If you’re referring to the WASD keyboard that definitely shouldn’t happen anywhere near this soon (if at all). What did their warranty support say when you reached out?
WASD Keyboard Ordered - Now Three Questions
Posted: Thu Aug 12, 2021 6:57 pm
by rje
38 minutes ago, Perifractic said:
If you’re referring to the WASD keyboard that definitely shouldn’t happen anywhere near this soon (if at all). What did their warranty support say when you reached out?
Ha! You think I reached out... that's amusing.
And it's a good idea too.
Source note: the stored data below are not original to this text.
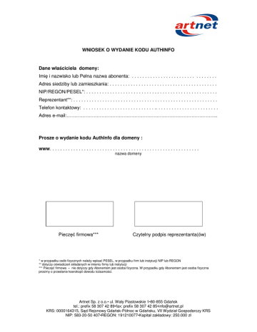 WNIOSEK O WYDANIE KODU AUTHINFO Dane właściciela domeny: Imię i nazwisko lub Pełna nazwa abonenta: . . . . . . . . . . . . . . . . . . . . . . . . . . . . . . . . Adres siedziby lub zamieszkania: . . . . . . . . . . . . . . . . . . . . . . . . . . . . . . . . . . . . . . . . . NIP/REGON/PESEL*: . . . . . . . . . . . . . . . . . . . . . . . . . . . . . . . . . . . . . . . . . . . . . . . . . . Reprezentant**: . . . . . . . . . . . . . . . . . . . . . . . . . . . . . . . . . . . . . . . . . . . . . . . . . . . . . . . Telefon kontaktowy: . . . . . . . . . . . . . . . . . . . . . . . . . . . .. . . . . . . . . . . . . . . . . . . . . . . . Adres e-mail:…………………………………………………………………………………... Prosze o wydanie kodu AuthInfo dla domeny : www. . . . . . . . . . . . . . . . . . . . . . . . . . . . . . . . . . . . . . . . . . . . . . . . . . . . . . . . . nazwa domeny Pieczęć firmowa*** Czytelny podpis reprezentanta(ów) * w przypadku osób fizycznych należy wpisać PESEL, w przypadku firm lub instytucji NIP lub REGON ** dotyczy oświadczeń składanych w imieniu firmy lub instytucji *** Pieczęć firmowa – nie dotyczy gdy Abonentem jest osoba fizyczna. W przypadku gdy Abonentem jest osoba fizyczna prosimy o przesłanie kserokopii dowodu tożsamości. Artnet Sp. z o.o.• ul. Wały Piastowskie 1•80-855 Gdańsk tel.: prefix 58 307 42 89•fax: prefix 58 307 42 85•[email protected] KRS: 0000164315, Sąd Rejonowy Gdańsk-Północ w Gdańsku, VII Wydział Gospodarczy KRS NIP: 583-20-50 407•REGON: 191210077•Kapitał zakładowy: 250.000 zł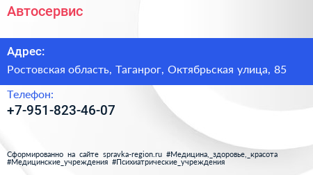 Автосервис по адресу Ростовская область, Таганрог, Октябрьская улица, 85 в дальнейшем Организация, размещена в следующих категориях: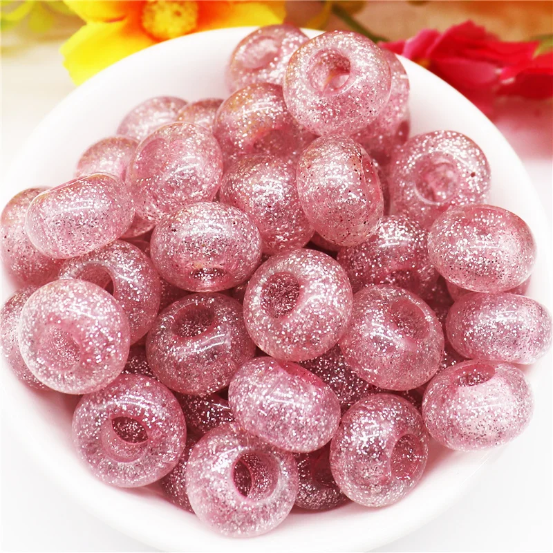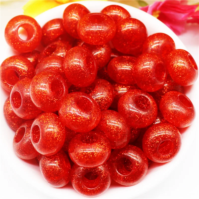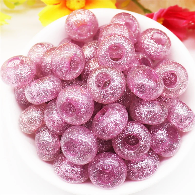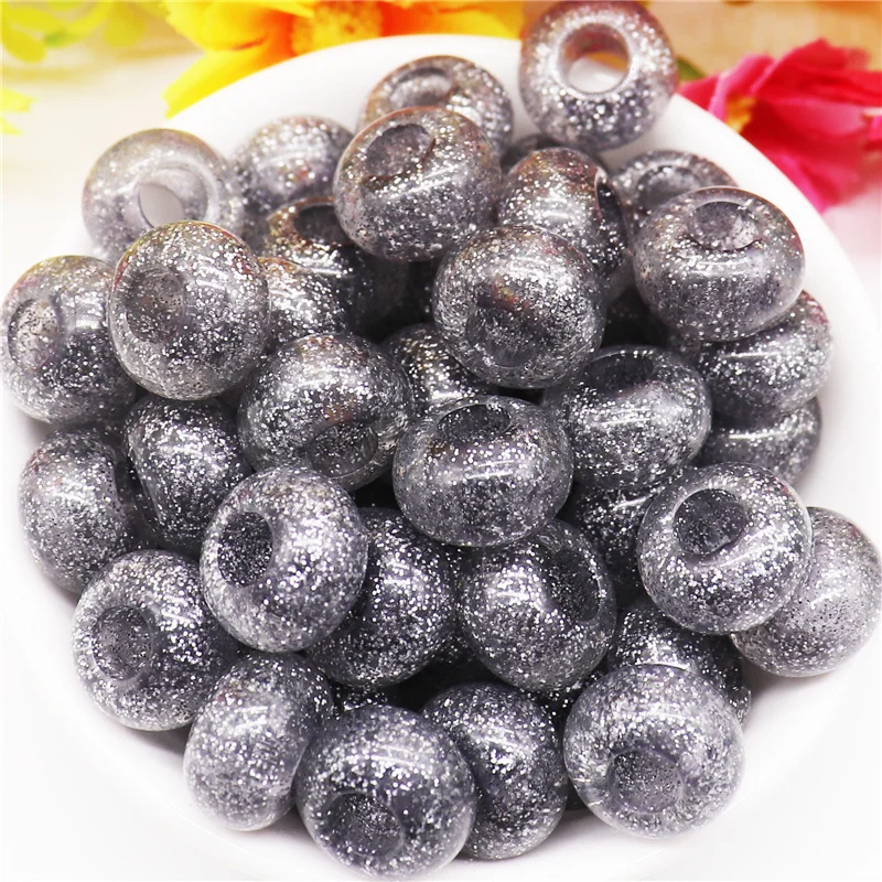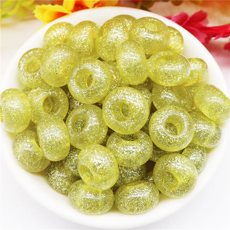 10 шт. смешанные цвета пластиковые смолы большое отверстие блеск разделитель бисер Европейское очарование Fit Pandora браслет для женщин волосы бусины DIY ремесло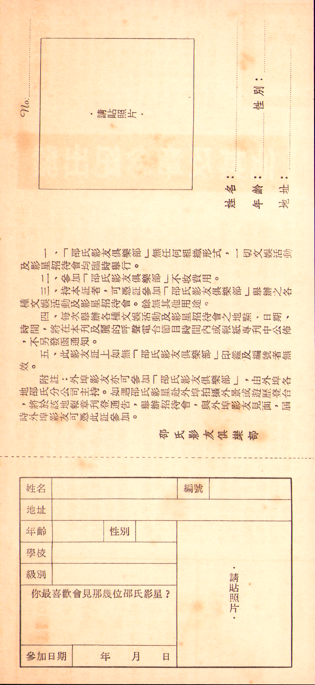一、南國畫報的「讀友証」是可以用來索取每一位邵氏影星的照片的。

OK did due diligence; we'll see what they say.
WASD Keyboard Ordered - Now Three Questions
Posted: Thu Aug 12, 2021 8:08 pm
by rje
1 hour ago, Perifractic said:
If you’re referring to the WASD keyboard that definitely shouldn’t happen anywhere near this soon (if at all). What did their warranty support say when you reached out?
I'm past the 1 year warranty.
They can offer discounted reprints for the affected keys, based on my previous order number. $4 a key, three keys = $12. $4.30 shipping. Worth a try.
WASD Keyboard Ordered - Now Three Questions
Posted: Thu Aug 12, 2021 8:24 pm
by Perifractic
I'm past the 1 year warranty.
They can offer discounted reprints for the affected keys, based on my previous order number. $4 a key, three keys = $12. $4.30 shipping. Worth a try.
Sounds like you have it handled. Good to hear.